Octo

Octo is the core ML module of Octopus. It combines Optuna-based hyperparameter optimization, cross-validated model training, optional ensemble selection, and multiple feature-importance methods into a single task. Most workflows begin and end with an Octo task -- the first to establish a baseline and produce feature importances, the last to train a final model on the refined feature set.

How it works

Hyperparameter optimization

Inner cross-validation setup. The train+dev data is divided into inner splits (controlled by n_inner_splits and inner_split_seeds). Each Optuna trial trains a Bag of models, one per inner split, and evaluates them on the held-out dev splits. See Nested Cross-Validation for the full picture.
Optuna optimization. A TPE (Tree-structured Parzen Estimator) sampler explores the hyperparameter space over n_trials trials. The first n_startup_trials use random sampling; the rest use multivariate TPE with grouping and constant-liar parallelism. The optimization target is either the combined or averaged dev-set performance across inner splits (controlled by scoring_method).
MRMR feature subsets (optional). When n_mrmr_features is set, Octo pre-computes MRMR feature subsets of various sizes. Optuna can then sample from these subsets during optimization, effectively searching over both hyperparameters and feature counts simultaneously.
Constrained HPO (optional). When max_features > 0, the optimization penalizes trials that use more features than the constraint.
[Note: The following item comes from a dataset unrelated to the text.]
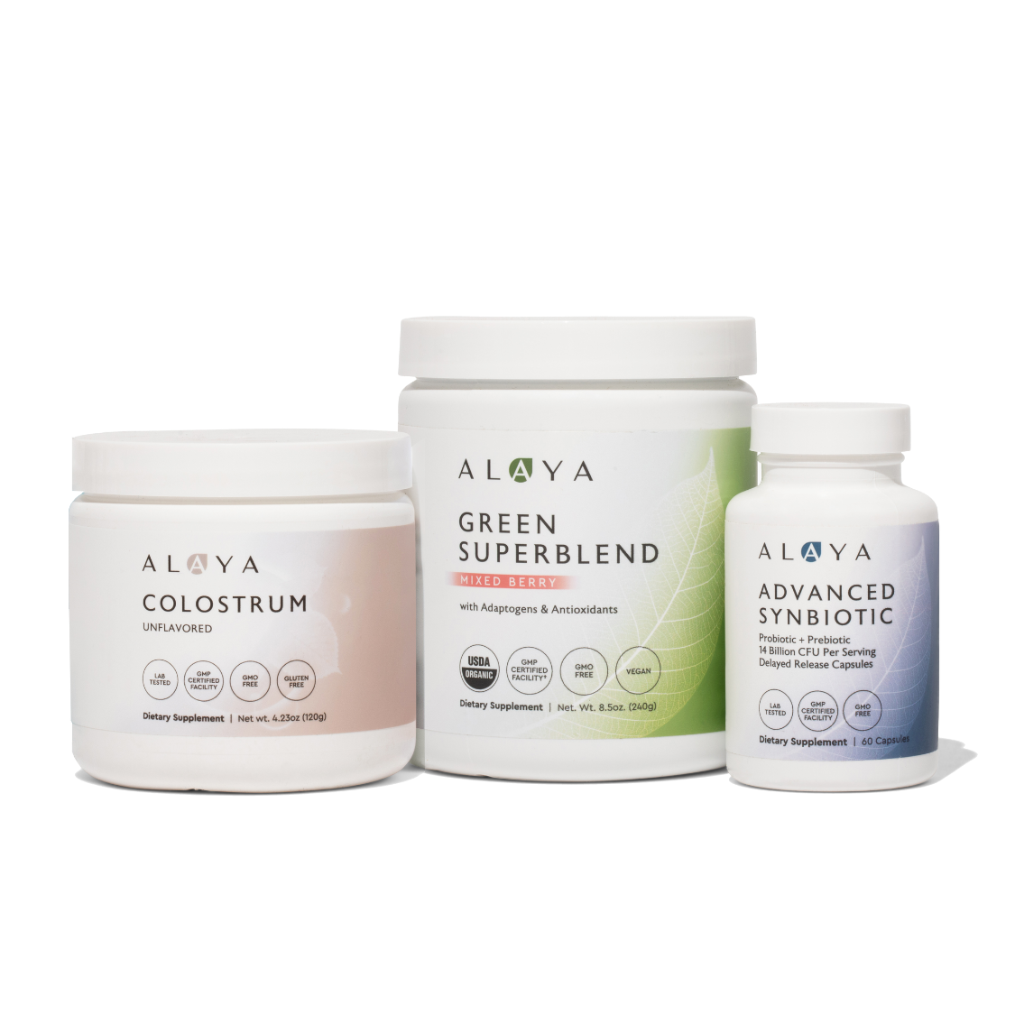 Each product plays a distinct role. Colostrum provides naturally occurring bioactive compounds designed to support gut lining integrity. Advanced Synbiotic delivers human-resident probiotic strains with prebiotic fiber to support microbial balance. Organic Green Superblend supports the body’s natural detox pathways, antioxidant defenses, and stress-response systems with a blend of greens, antioxidants, and adaptogens.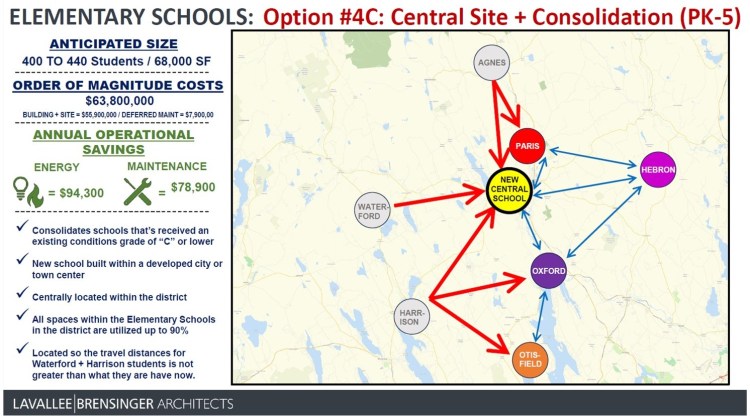 At a March 28 workshop, the Maine School Administrative District 17 board heard scenarios and recommendations for elementary school construction from LaVallee Brensinger, an architectural firm in Portland. Its 32-page report can be downloaded from MSAD 17’s school construction website. It lists four options:

The penalty_factor controls how aggressively excess features are penalized. Only models flagged as chpo_compatible support this mode.

Best bag construction

Build the best bag. After optimization, the best trial's hyperparameters are used to train a fresh bag of models (one per inner split) on the full train+dev data. This "best bag" is the primary output model.
Feature importance calculation. Feature importances are computed on the best bag using the methods specified in fi_methods:
- "permutation": Permutation importance on the dev partition.
- "shap": SHAP values on the dev partition.
- "constant": A baseline method that returns equal importance for all features.
Feature selection. Features are selected based on the computed importances, typically those with positive permutation importance.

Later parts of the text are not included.